Would this job be worth putting us both through that?
He says something just then under his breath.
“Koinoyokan?” I repeat. “Koi no yokan?”
“You know what that means?” he asks.
“It's Japanese? ”
He nods. “It's the sense of meeting someone you'll fall in love with. A premonition of love. The feeling of falling in love,” he explains. “I've had that feeling since I met you when we were kids. I have it now and I'll still have it in two years from now and a hundred after that.”
Those tears I kept at bay rushed out like waves.
He takes my face in his hands, brushing the tears away the moment they fall. “I'm sorry my initial reaction was cold,” he murmurs. “I want you to follow your dreams, Banks. I want you to have everything you've ever wanted. I don't care if it kills me, I'm not going anywhere.”
“I want you, Charlie,” I sob, taking his mouth with mine.
This is home.
This is contentment.
Him and I under the stars.
How could I ever need anything more than this?
“I don't want to spend two years without you,” I cry. “Maybe if the contract was shorter—”

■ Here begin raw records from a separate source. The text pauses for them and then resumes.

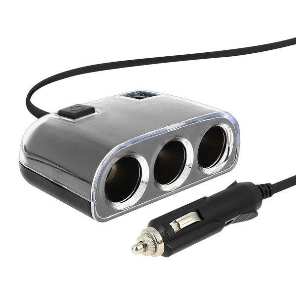 Dreifacher Zigarettenanzünder-Adapter + 2x integrierte USB-Anschlüsse Praktisches Zubehör zum gleichzeitigen Laden mehrerer Geräte Auch kompatibel mit Handys, die über USB geladen werden Kompaktes Format, ideal für einen täglichen Gebrauch
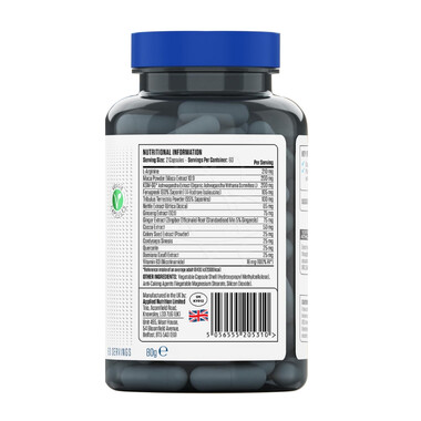 Sản phẩm chứa công thức tiên tiến từ 11 hoạt chất chiết xuất thảo dược như KSM-66® Ashwagandha, Maca 10:1, Tribulus, Fenugreek 60% saponin, nhân sâm, gừng chuẩn hóa 5% gingerols… kết hợp cùng L-Arginine và Vitamin B3 hỗ trợ tăng lưu thông máu, tăng ham muốn, giảm mệt mỏi và nâng cao phong độ nam giới theo hướng tự nhiên, bền vững.
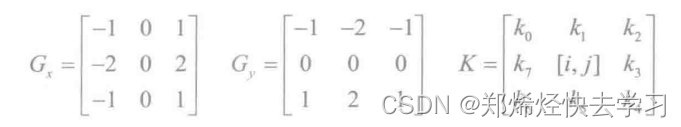 Gx为水平x方向掩码模板,Gy为垂直y方向掩码模板,K为邻域标记矩阵。
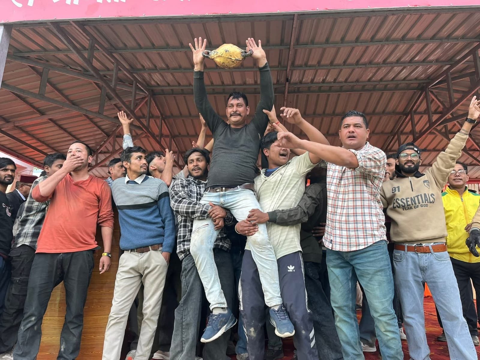 गेंद को जैसे ही मुख्यातिथि राजकुमार पोरी ने गेंदरो के बीच फैंका गेंद के लिए पट्टी लंगूर और मनियारस्यूं के बीच संघर्ष चलता रहा आखिर कड़ी मशक्कत के बाद 3.42 बजे तक चले इस जद्दोजद के बाद मनियारस्यूं पट्टी गेंद पर दूसरी बार कब्जा बरकार रखा विजेता प्रतिभागियों को मुख्य अतिथियों द्वारा ट्रॉफी भेंट की गई इस मौके पर जिला पंचायत सदस्य श्रीमती सविता,पूर्व ज्येष्ठ प्रमुख द्वारीखाल एवं श्री डांडा नागराजा स्टोन क्रेशर के ऑनर विनोद नेगी,समाजिक कार्यकर्ता जगमोहन डांगी, समाजिक कार्यकर्ता पुष्पेंद्र राणा,क्षेत्र पंचायत सदस्य आशीष नेगी,ग्राम प्रधान धारी मदन सिंह रावत,ग्राम प्रधान बिलखेत श्रीमती रश्मि देवी,महिपाल सिंह रावत सहित द्वारीखाल, कल्जीखाल क्षेत्र के भारी संख्या में बीडीसी सदस्य एवं ग्राम प्रधान मौजूद थे।
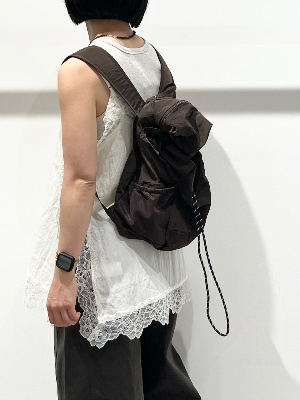 ナイロンリュックはコロンとしたシルエットが、ゆるシルエットをまとめてくれます。
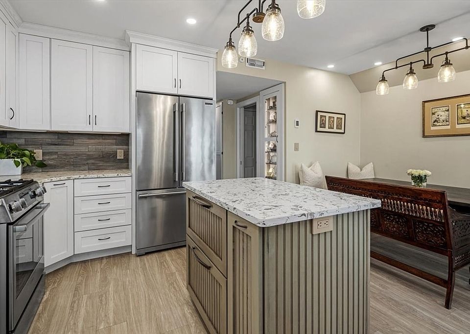 - Features: Closet, Flooring - Laminate, Dining Area, Pantry, Countertops - Stone/Granite/Solid, Kitchen Island, Cabinets - Upgraded, Exterior Access, Open Floorplan, Recessed Lighting, Remodeled, Slider, Gas Stove, Lighting - Pendant, Lighting - Overhead
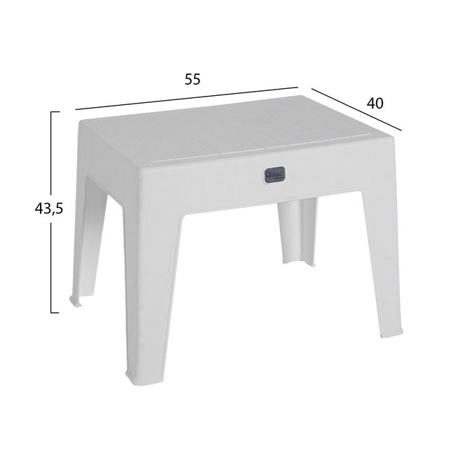 Τραπεζάκι πολυπροπυλενίου με 4 πόδια, σε λευκή απόχρωση.
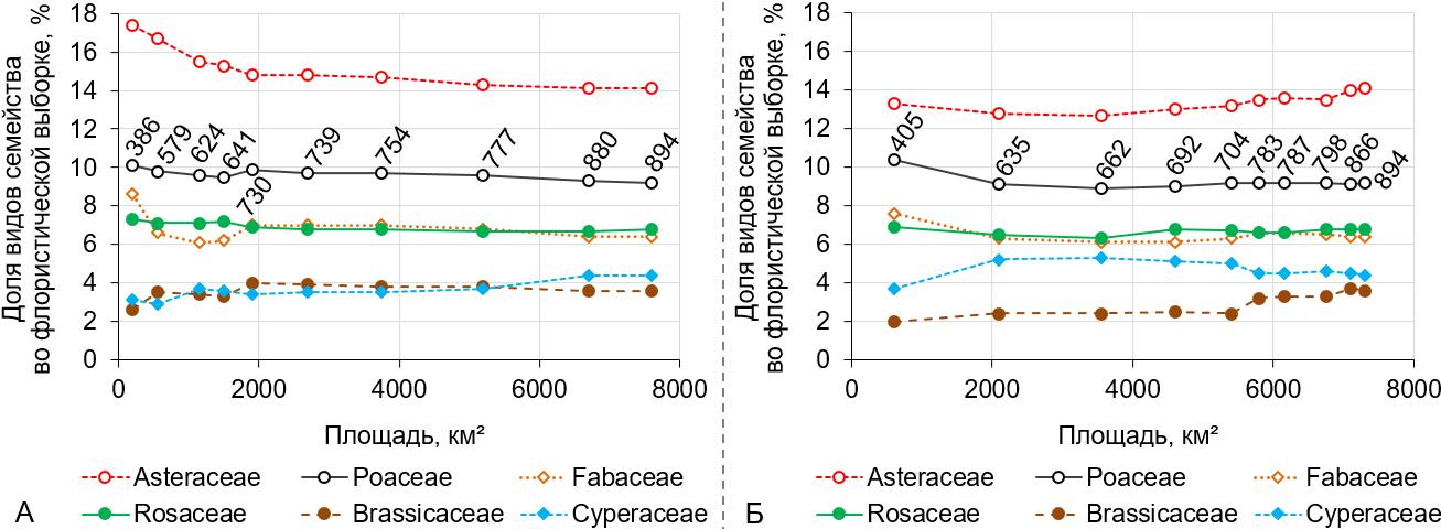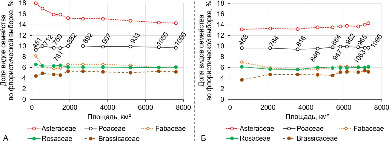 Рисунок 4 – Изменение доли ведущих семейств в ряду флористических выборок в зависимости от приращения площади в широтном направлении (с юга на север (А) и севера на юг (Б)). Числа на кривой показывают число видов, отмеченных на соответствующей площади
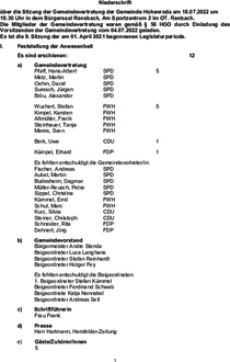 | Beschluss: | Die Gemeindevertretung beschließt den 1. Nachtrag zur Hauptsatzung der Gemeinde Hohenroda in der dem Beschlussvorschlag beigefügten Fassung mit folgenden Änderungen zu beschließen: |

“This can't be about me.” He opens his eyes. “It's about you.”
I nod. “I know... but don't you get it, Charlie Barnes?” I tearfully grin. “I can help people right here and that's good enough for me.”
And it is.
I decided in that moment it's enough.
It would always be enough if I got Charlie.
Always.
“How can I fill someone else's cup when mine’s empty?” I murmur. “You fill my cups, Charlie. I'm so freaking in love with you, leaving you would gut me. Just the idea of it. I had to bring it up,” I declare. “I had to talk it out. Give it a fair shot because I owed myself that much. To see if my free will mattered but the truth is, I want to see the world with you . I want you right by my side. I want—”
His hand behind my head thrusts me forward as his tongue slips between my lips. He kisses me like he's begging me to stay as if my choice wasn't already made. This love is once in a lifetime, and maybe I'm a fool, but no job could ever fulfill me like this.
In my depths, I'm a romantic who needs love.
In all capacities.
I need him.
I need him like the blood in my veins.
I used to be idiotic enough to think that I could part with him, but I cannot.